Fork in the Road

John T. Edge Gets His Gordita Fix in Little Rock

Patricia Alonso brings a taste of Aguascalientes to Arkansas—and follows her dreams—at Gorditas Paty

photo: RETT PEEK

A plate of gorditas and the mole-dressed chicken platter.

The smell of nixtamalized corn from the next-door tortilleria swirls the parking lot at Gorditas Paty in the southwestern suburbs of Little Rock. Corrugated tin wainscoting lines the walls of this bright and beautiful restaurant, the second of four locations owner Patricia Alonso wants to open in Arkansas. Sombreros, piñatas, and a rainbow of banners made from perforated tissue paper hang above a pastry case stocked with the domed Mexican sweet breads called conchas. Near the open kitchen, a roofing crew in neon hoodies gathers at a serape-draped table beneath a tapestry portrait of Frida Kahlo. 

I sip coffee from a terra-cotta mug as Alonso, who opened her first Gorditas Paty in Little Rock in 2016, slips into a booth opposite me. Using a translation app, we text-to-talk about Aguascalientes, the state in central Mexico where she learned to cook at her family’s food stall in the central market of the capital city, also called Aguascalientes. Alonso talks about Little Rock, too, a city she says is green and pretty and full of kind people. She prefers living here to Los Angeles, where she first immigrated and where she worked in a garment factory pulling loose threads for ten cents a shirt.

Waiting for the next text to ping, I bite into a gordita stuffed with crumbly chorizo bound by lumps of farm cheese. Made from corn flour formed into a pocket bread, gordita translates from Spanish as “chubby.” Alonso’s gorditas—baked on a comal until they are chewy and crisp, stuffed with twenty-plus fillings from pork ribs to chicken mole poblano—translate as delicious. Especially when squirted with the chile-spiked chimichurri mayonnaise she makes. Over her shoulder I watch that roofing crew spoon into bowls of posole rojo, a brothy soup of hominy and roasted pork and ancho chiles. (Alonso also serves a great posole verde, colored with tomatillos and thick with shredded chicken.) Through the steam that rises from their bowls, I see smiles.
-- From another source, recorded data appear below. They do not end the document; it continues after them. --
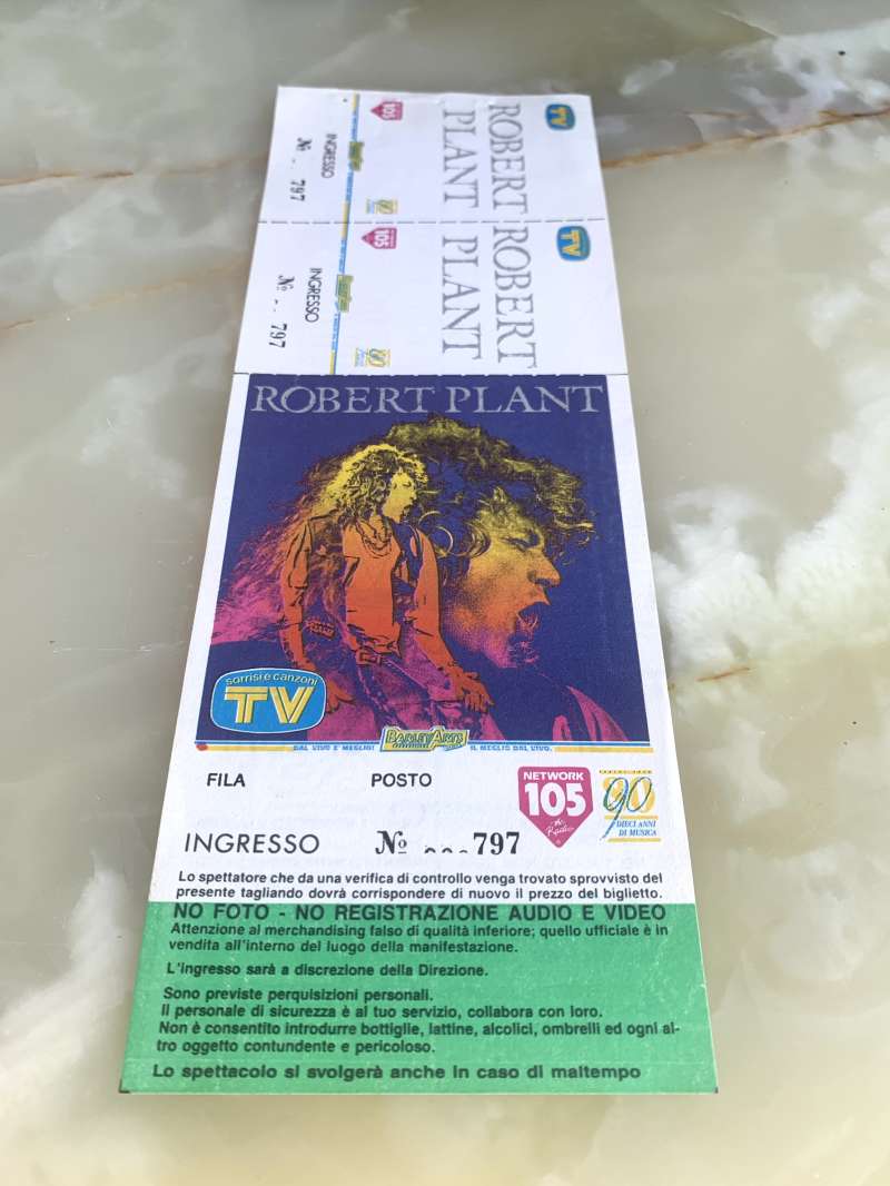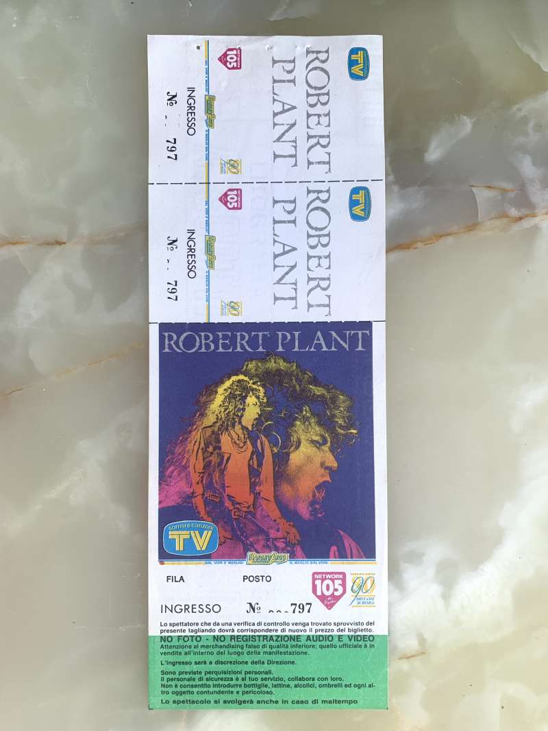 biglietto originale ROBERT PLANT Manic Nirvana Tour 1990 Milano Teatro Orfeo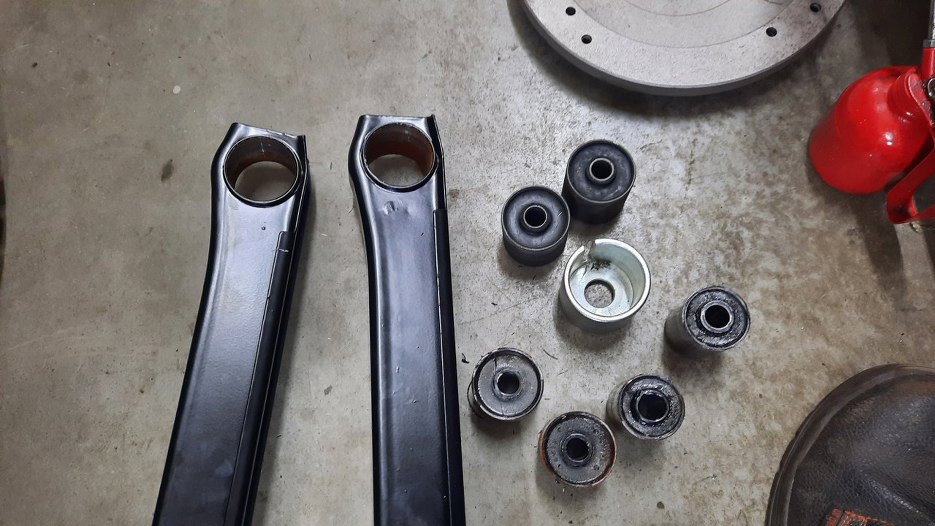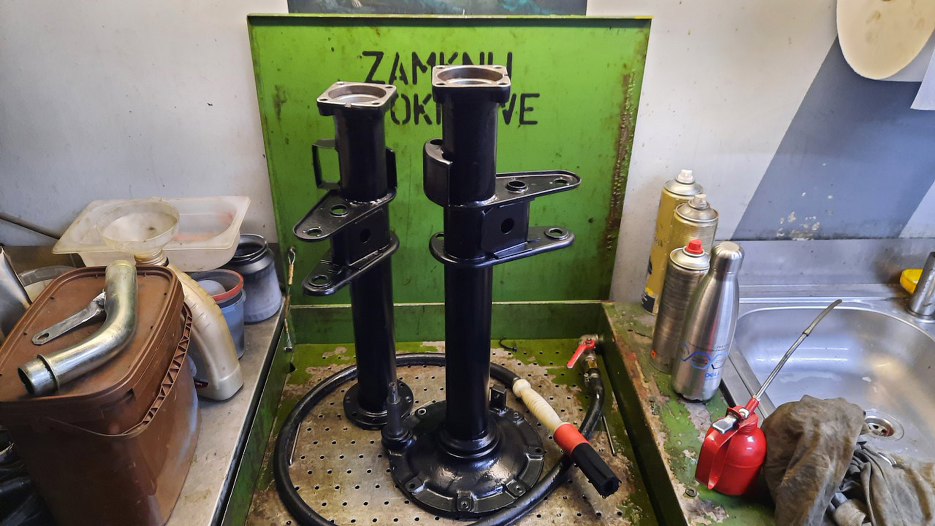 Inne części oddałem do malowania proszkowego. W wahaczach zostawiłem stare tuleje jako zabezpieczenie otworów. Teraz trzeba je wymienić.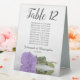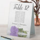 These tent table number signs are not only beautiful, they even include a list of names for the guests at each table, making it easy for your guests to find their seat at your wedding reception. The design is both elegant and romantic featuring a single light purple or lavender coloured rose lying on its side reflecting in water with waves and ripples. The title is in lacy script calligraphy with bold numbers so your guests can easily find the right table. There is room for the names of the couple and the wedding date.
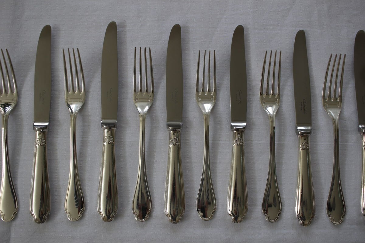 - キッチン・食器 > カトラリー(スプーン等) > クリストフル パール デザートフォーク4本セット シルバーコーティング クリストフル シルバーコーティング パール デザートナイフ&フォーク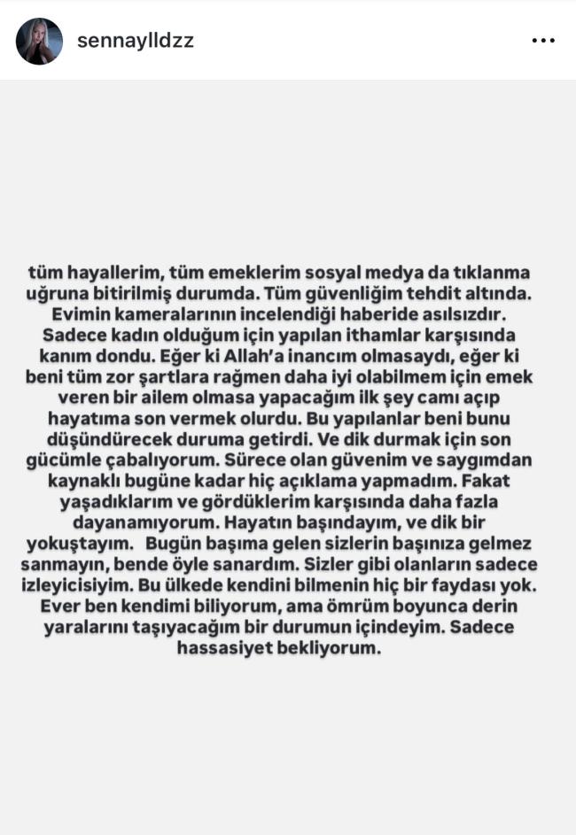 Sosyal medya hesabından uzun bir açıklama yapan Mümine Senna Yıldız, hakkında çıkan haberlerin gerçeği yansıtmadığını savundu. Yıldız, sürecin kendisini psikolojik olarak yıprattığını belirterek, yalnızca kadın olduğu için hedef alındığını düşündüğünü ifade etti. Güvenliğinin tehdit altında olduğunu dile getiren Yıldız, bazı iddiaların da asılsız olduğunu söyledi.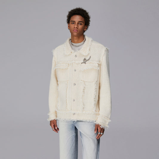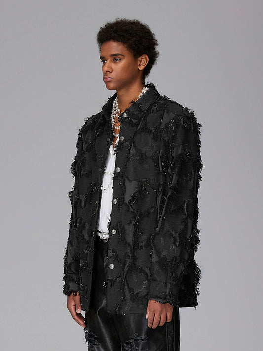 Textured Fringe Raw Edge Oversize Jacket WN17857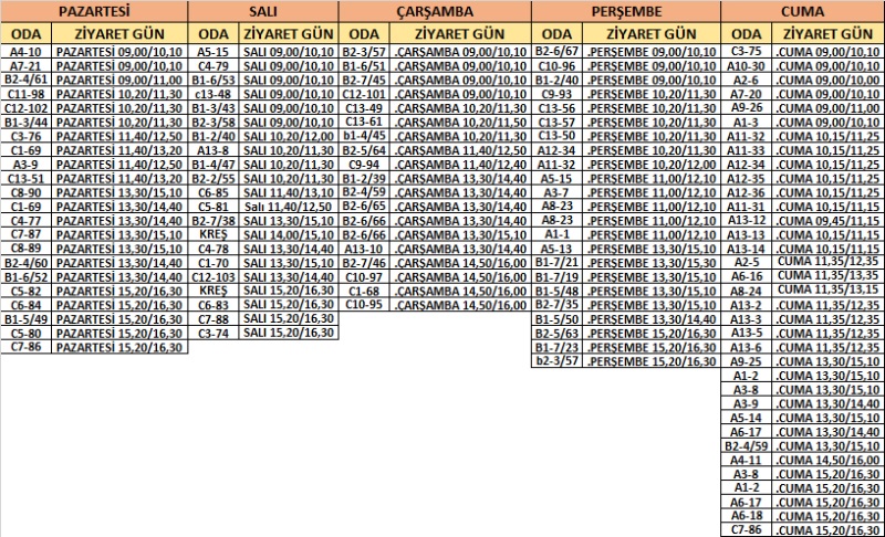 EKİM AYI AÇIK GÖRÜŞ ZİYARET GÜNLERİ VE SAATLERİ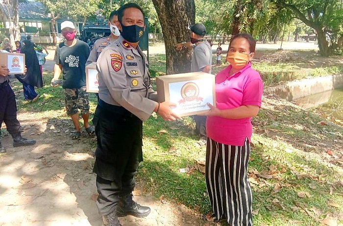 Semarak Hari Bhayangkara ke-74, Kapolsek Bontomarannu Bagikan Sembako ke Warga Prasejahtera

I hear laughter.

photo: RETT PEEK

Patricia Alonso and her husband, Juan Rodriguez, with their four children.

I got interested in Little Rock’s burgeoning Mexican food scene after learning that a Mexican consulate has operated here since 2007. Set in a squat building at the rear of the Town & Country shopping center, the consulate shares a parking lot with a drive-through taqueria and a vendor who sells soccer jerseys and wooden Jesus-on-the-cross sculptures. Here, immigrants come to file the paperwork that marks deaths and marriages and seek legal assistance. Over the past decade, that work has turned more intense.

The Mexican population boom in Arkansas began in the early 1990s as the poultry industry expanded. Today around 230,000 Hispanic people live in the state. In the suburbs of Little Rock, strip-mall evangelical churches flash bilingual messages of salvation. On the artery roads that funnel traffic from town, new taco trucks park beneath the overhangs of old gas stations. Red and green banners, printed with SE HABLA ESPAÑOL, flap in front of car dealerships. Second- and third-generation Southerners of Mexican descent now run wealth management companies and photography studios and dream big dreams like Alonso.

photo: RETT PEEK

A ceramic lucha libre head; the house michelada.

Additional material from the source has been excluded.